Tuesday, May 29, 2012

Abacab, Anyone? Phil Collins Versus Irony

The term “guilty pleasure” is something of an easy tag to hang onto something that you like but that you’re pretty sure other people in your social circle would use as evidence of a clear lack of mental stability on your part were they ever to be made aware of it. For years, as an undiagnosed case of OCD, I’m used to hiding away those things that I love or am interested in (there is a difference: I love obscure British punk bands of the late Seventies, but I’m interested in the Second World War, particularly the aerial combat aspect of it) from prying eyes. The iPod sees all, of course, and there are plenty of songs and artists I’m not entirely sure I want the outside world to know what some of my most-listened to songs are.

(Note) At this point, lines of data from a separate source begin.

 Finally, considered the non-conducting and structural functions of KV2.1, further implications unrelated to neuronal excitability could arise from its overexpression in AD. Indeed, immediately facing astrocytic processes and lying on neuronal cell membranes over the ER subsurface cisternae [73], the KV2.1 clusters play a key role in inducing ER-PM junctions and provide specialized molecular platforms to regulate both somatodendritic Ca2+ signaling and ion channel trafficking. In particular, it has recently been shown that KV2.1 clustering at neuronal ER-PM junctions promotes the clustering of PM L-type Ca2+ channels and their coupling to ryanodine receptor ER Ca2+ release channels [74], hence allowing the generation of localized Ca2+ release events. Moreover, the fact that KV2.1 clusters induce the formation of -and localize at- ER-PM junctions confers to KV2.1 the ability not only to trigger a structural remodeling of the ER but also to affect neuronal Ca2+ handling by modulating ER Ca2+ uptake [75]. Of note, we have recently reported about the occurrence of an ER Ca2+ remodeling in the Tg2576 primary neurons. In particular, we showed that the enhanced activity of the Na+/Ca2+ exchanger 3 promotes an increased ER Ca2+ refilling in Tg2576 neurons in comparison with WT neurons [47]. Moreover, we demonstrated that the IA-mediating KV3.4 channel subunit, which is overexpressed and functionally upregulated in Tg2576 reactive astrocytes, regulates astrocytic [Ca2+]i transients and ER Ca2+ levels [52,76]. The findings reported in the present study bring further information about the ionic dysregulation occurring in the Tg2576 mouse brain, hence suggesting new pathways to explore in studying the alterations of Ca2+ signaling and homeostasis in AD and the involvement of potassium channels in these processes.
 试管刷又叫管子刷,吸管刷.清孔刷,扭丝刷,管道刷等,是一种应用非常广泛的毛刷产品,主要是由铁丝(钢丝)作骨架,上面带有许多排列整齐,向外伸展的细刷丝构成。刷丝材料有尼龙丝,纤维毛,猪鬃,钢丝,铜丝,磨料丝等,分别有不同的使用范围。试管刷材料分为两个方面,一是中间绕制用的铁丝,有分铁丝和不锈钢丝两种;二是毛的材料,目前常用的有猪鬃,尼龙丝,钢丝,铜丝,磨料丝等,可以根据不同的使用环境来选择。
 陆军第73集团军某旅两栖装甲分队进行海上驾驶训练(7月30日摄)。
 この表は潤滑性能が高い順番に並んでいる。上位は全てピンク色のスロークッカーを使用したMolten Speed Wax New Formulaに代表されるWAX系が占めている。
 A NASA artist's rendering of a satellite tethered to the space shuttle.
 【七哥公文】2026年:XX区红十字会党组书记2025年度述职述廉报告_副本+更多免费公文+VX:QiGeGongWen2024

Of course, one could say that they have a particular artist on their iPod as comic relief, or an “ironic” commentary on the sad state of music. Such posing is encouraged when your friends are fellow music snobs and you don’t have to defend your hatred of the Eagles or your abhorrence for everything that comes out of Celine Dion’s mouth. You listen to college radio stations because “that’s where it’s at,” even if where it’s at sounds like an unhappy marriage of too much reverence for punk and too little proficiency with any musical instrument (or if the college rock station just plain out sucks in terms of what it can and cannot play; if anything ever even sniffed the Top Forty charts, it is about as welcome at some college radio stations as Louis Farrakhan at a Klan rally).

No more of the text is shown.